2) Player Evaluation Measures
Since a single number is being used to represent player achievement, the difficult question of what to use must be faced. Many different quantities have been proposed for this purpose. Counting stats, as well as various combinations them, can be used. Counting stats used are RUNS, RBIS, hits, and home runs. The combinations include James' Runs Created (BASIC, see Total Baseball 7th Ed. pp 2498-2499), (RUNS+RBIS)/2 and two linear weights formulas, BWOE and SDTHWOE. Each letter in the linear weights formulas represents a term in the formula. STDH represents the number of singles, doubles, triples and home runs. B is total bases, E is errors and O is outs defined as AB - Hits. The weights for the terms have been determined by linear regression using team data from 1978-2001. When used as a measure of a player's contribution, the error term is not included in the linear weights formulas. Both linear weights formulas estimate seasons runs contributed by the player. The SDTHWO measure is used in this study. Details on the linear weights formulas and the efficacy of some of the other measures is available in my web published study A Survey of Baseball Player Performance Evaluation Measures. In this study SDTHWO is referred to as BASIC.
3) Data Source
The source of the batting data used in this study is the Sean Lahman version 4.5 database available. Using the Lahman version 4.5 database for the years 1910 to 2001, batting careers were assembled for players that are complete within the years 1911 and 2000. Pitcher records are included. Completeness is defined as not having played in 1910 or 2001. This is a weak definition of completeness, especially at the beginning of a career. This version of the database does not include fielding position information, which is needed by the Brock2 system.
4) The Career Function
I feel very strongly that any formula containing arbitrary or data related numeric constants that is used to represent or evaluate player achievements must derive these constants from the game's statistical record. Among the formulas included in this category are the multitudinous linear weights batting evaluation formulas and the projection formulas discussed in this study. The following discussion of my career function will describe one method for determining values for seemingly arbitrary constants.
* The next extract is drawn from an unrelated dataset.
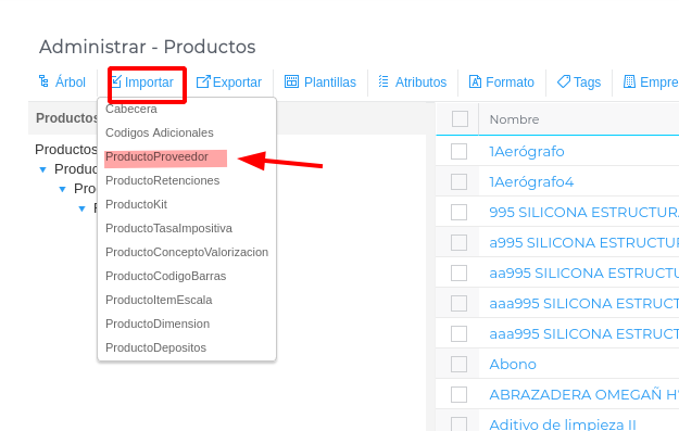 Una vez completados esos datos, guardar el excel y volver al sistema. Ir a la opción “Importar” → Producto/proveedor → Seleccionar el archivo → Aceptar.

The form of the career summary function I have developed, CFTN, is suggested by the typical ML career: a period of development, mid career at full capabilities followed by the inevitable decline due to age. Each individual career is characterized by two constants, mpeak and shape. Shape is related to the length of career and mpeak is a measure of the peak ability of a player. Given a player age, CFTN returns a value indicating his ability, as measured by CFTN, at the given age.The ability is given in the same units that were used in the creation of the function. CFTN is the product of three terms, one term for each of the three general periods of the career given by the following computational expressions.
1) cftn_b = cftn_ba + cftn_bb*shape
2) cftn_c = cftn_ca - cftn_cb*shape
3) cftn_t1 = cftn_t1z - cftn_t1s*shape
4) cftn_t2 = cftn_t2z + cftn_t2s*shape
5) a = 1.0/(1.0 + exp(-cftn_a*(age-cftn_t1)))
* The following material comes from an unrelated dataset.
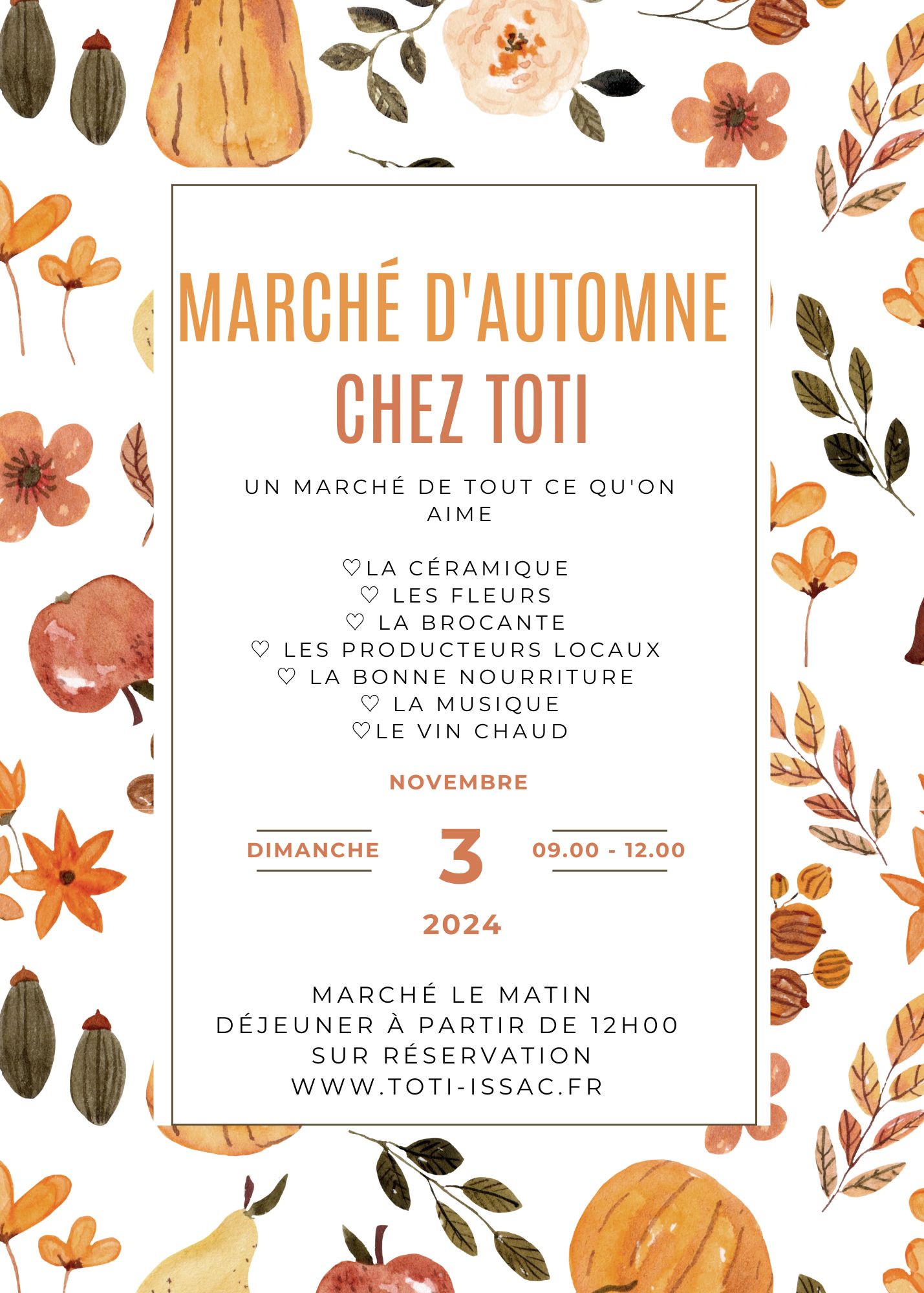 Nous organisons notre deuxième marché d’automne chez Toti. C’est un petit marché où l’on trouve tout ce que l’on aime. Il est ouvert de 10h à 16h environ, et le déjeuner est proposé à partir de midi. Pensez à réserver !

6) b = 1.0 + cftn_b*(age-20)
7) c = 1.0/(1.0 + exp(cftn_c*(age-cftn_t2)))
8) CFTN = mpeak*a*b*c
The nine constants: cftn_a, cftn_ba, cftn_bb,
cftn_ca , cftn_cb, cftn_t1z, cftn_t1s, cftn_t2z, cftn_t2s are global,
the same for all players. Determination of these values is the key to
CFTN and will be described in detail.
Expression 5) determines the behavior of CFTN at the beginning of a career, 6) the middle and 7) the end. The resulting value, 8), expresses the value of the function for some age. An illustration of this is given in Figure 1 that has been computed from the parameters given in Table 1.
The function CFTN is linear in the parameter mpeak. Thus, for any set of values of the global constants and a value for the parameter shape, mpeak can be calculated:
9) mpeak = sum(measure*CFTN) / sum(CFTN*CFTN)
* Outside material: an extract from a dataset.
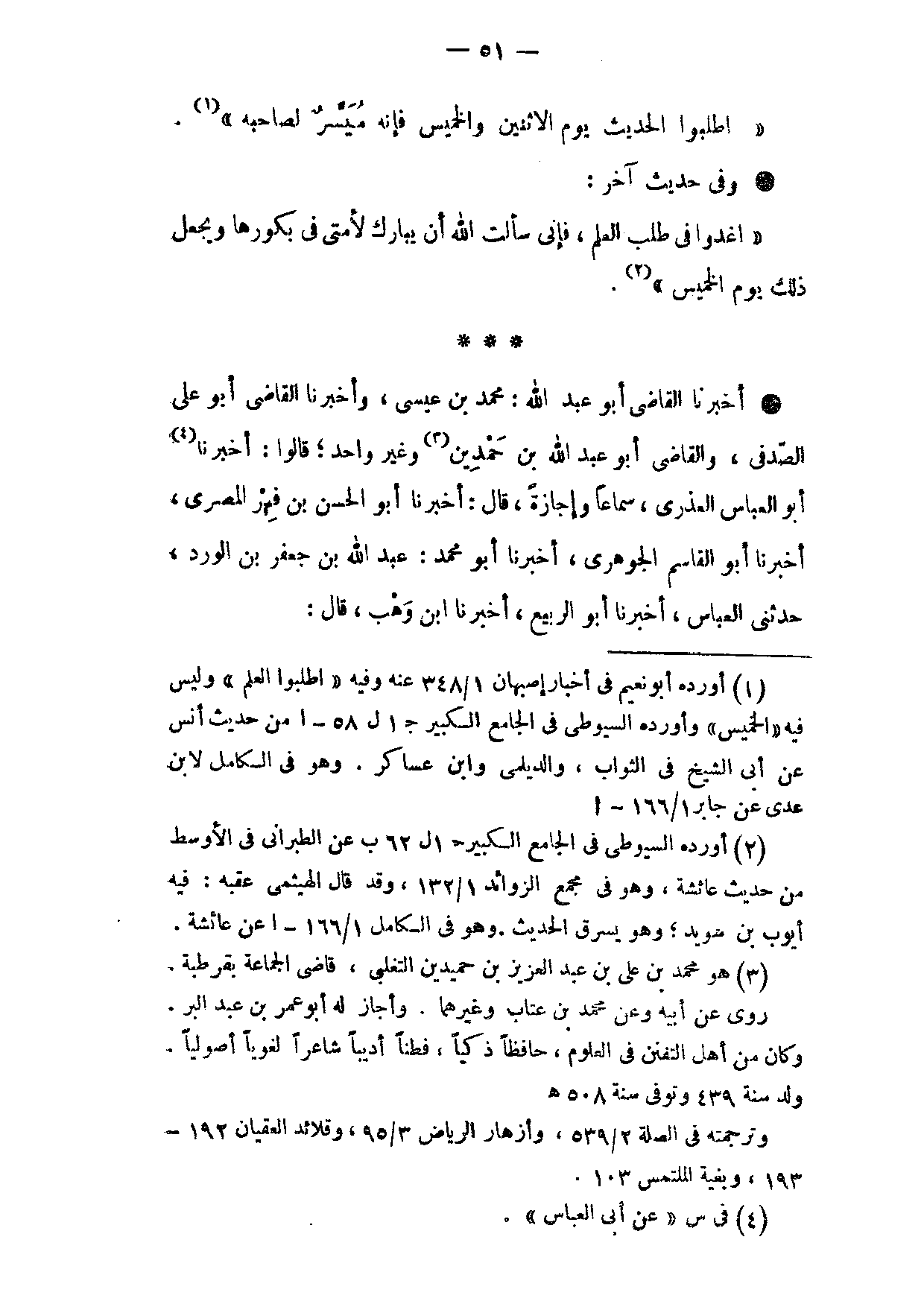 اطْلُبُوا الْحَدِيثَ يَوْمَ الِاثْنَيْنِ وَالْخَمِيسِ فَإِنَّهُ مُيَسَّرٌ لِصَاحِبِهِ

In 9) the sums are for each season in a player's career. Measure is the quantity chosen to represent a players achievement. For this calculation CFTN is evaluated with mpeak set to 1. Varying shape until a minimum in the variance (sum of squared differences between the actual value and estimated value of the measure) is found for the particular player determines the two parameters. To minimize numerical problems in these calculations the shape parameter is constrained to the range -0.25 to 1.50 . The units of CFTN are the units of the measure used. If the measure specifies season runs then mpeak will have the same interpretation. For some players and some sets of the global parameters more than one minimum in the shape range of -0.25 to 1.50 is possible.
The constant cftn_bb has a negative value that when combined with values of shape near the upper limit (1.5) can result in a negative value for CFTN towards then end of a career. In the plots included in this report negative values of CFTN have been set to 0.
From the complete player career record a training set of players having at least 2000 at bats, at least 6 seasons played and no more than 3 missing seasons was selected. 1230 players satisfied this criteria. Using this data set the global parameters are determined by minimizing the total variance which is the sum of the variance resulting from a determination of mpeak and shape for each player in the training set. For this variance computation negative vales for CFTN are not set to zero. This global minimization is accomplished by a standard numerical procedure given in section 10.5 of Numerical Recipes, 2nd Edition, Press et al, 1992. Missing seasons within a career are not used in the computation of variance for the optimization procedure. Typically, a single global optimization takes 30 minutes on a 500 MHz INTEL Pentium III processor.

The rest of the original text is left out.